DB2 version
DB2 v8.1.16.429 - FixPak 16
Windows server.
I have got a table that has got well over 300 million rows in it.
We are not sure yet why all the records got added, I suspect poorly written code somewhere. They were added over a few days and we didn't think it was going to keep happening so the archive logs got pruned a few times before we realised we were in trouble.
I now have to delete most of those three hundred million records and I would like some advice please. I have put letters against the various bits as I know I am asking a lot and it will make it easier to match answers.
(A) I believe I will have to write a stored procedure to do the work for me and delete a thousand records at a time, commit that and repeat until finished. Does this sound reasonable?
(B) The database is going to generate a lot of archive logs while this is happening.

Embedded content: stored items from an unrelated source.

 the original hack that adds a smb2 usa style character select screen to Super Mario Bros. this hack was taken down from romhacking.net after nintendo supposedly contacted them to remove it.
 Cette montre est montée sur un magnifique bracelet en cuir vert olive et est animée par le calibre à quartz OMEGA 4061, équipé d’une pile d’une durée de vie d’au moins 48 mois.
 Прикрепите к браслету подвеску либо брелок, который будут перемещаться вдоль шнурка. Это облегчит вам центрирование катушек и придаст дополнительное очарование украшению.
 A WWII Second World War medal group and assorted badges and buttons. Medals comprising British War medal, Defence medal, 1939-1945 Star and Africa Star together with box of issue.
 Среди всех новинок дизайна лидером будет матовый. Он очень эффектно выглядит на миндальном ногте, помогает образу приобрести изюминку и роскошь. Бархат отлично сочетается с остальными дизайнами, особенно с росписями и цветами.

I'm not sure we are going to have the space for them all, so my plan was to schedule something in the background to delete them to keep within the disk resource I have available. As long as I do an offline backup first, is this going to be an issue? Perhaps I should just delete as many as archive logs I can afford to have without pruning, do another offline backup, rinse and repeat.

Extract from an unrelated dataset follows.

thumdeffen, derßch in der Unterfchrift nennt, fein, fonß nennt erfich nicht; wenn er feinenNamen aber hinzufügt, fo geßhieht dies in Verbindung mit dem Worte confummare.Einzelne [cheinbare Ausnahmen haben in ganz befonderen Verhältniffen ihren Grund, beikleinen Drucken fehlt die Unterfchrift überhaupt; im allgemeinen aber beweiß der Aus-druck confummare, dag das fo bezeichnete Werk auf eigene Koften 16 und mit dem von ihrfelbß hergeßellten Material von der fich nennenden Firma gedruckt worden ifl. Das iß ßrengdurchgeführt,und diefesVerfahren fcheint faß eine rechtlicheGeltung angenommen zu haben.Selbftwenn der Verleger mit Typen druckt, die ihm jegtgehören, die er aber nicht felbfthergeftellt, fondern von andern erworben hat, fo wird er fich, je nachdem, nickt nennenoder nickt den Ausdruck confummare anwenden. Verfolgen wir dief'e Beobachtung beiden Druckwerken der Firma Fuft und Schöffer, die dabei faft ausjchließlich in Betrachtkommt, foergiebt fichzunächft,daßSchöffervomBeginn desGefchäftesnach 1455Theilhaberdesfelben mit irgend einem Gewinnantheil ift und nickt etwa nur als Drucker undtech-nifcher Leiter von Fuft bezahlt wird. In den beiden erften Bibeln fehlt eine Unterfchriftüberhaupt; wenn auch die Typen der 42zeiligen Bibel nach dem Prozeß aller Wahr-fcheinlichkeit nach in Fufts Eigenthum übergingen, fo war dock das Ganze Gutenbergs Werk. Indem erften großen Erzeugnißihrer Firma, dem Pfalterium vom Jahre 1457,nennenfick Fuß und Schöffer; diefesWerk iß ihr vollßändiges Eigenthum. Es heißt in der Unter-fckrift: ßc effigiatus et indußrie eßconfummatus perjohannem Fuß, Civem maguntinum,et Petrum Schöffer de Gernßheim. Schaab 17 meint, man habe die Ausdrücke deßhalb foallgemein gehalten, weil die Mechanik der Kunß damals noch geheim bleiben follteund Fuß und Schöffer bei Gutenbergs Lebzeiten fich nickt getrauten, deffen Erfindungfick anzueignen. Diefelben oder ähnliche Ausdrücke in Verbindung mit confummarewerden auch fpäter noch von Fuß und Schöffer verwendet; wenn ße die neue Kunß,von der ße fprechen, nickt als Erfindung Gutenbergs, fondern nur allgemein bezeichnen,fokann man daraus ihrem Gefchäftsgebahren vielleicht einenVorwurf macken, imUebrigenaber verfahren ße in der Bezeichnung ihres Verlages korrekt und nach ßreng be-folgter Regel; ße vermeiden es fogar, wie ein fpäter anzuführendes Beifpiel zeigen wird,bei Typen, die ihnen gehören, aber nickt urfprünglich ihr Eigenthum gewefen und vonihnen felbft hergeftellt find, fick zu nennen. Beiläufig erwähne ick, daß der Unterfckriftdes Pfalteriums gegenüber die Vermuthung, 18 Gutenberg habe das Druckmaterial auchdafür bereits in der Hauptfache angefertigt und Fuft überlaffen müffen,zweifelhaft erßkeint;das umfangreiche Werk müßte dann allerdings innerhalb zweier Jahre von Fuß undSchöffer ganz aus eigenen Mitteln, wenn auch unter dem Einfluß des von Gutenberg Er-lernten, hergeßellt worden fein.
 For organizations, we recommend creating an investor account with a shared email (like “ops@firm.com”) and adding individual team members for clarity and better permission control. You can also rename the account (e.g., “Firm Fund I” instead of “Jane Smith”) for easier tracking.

(C) Once the deletion has completed I need to consider how I am going shrink the database back down to it's usual size. My boss suggested copying everything I want to keep from the table into a new table, truncate the original table then copy everything back into it. What do you think? Is there a better way that you think I should use?
(D) I also need to consider the indexes for that table as well don't I? Would a truncate and re-import rebuild them ok, or should I do something else as well?
(E) What have I missed out? What else would you do please?
Thank you for looking!
Edit:
Forgot to say. I don't believe what caused the issue it still happening, and any plan I use to fix live will be run on a test copy first.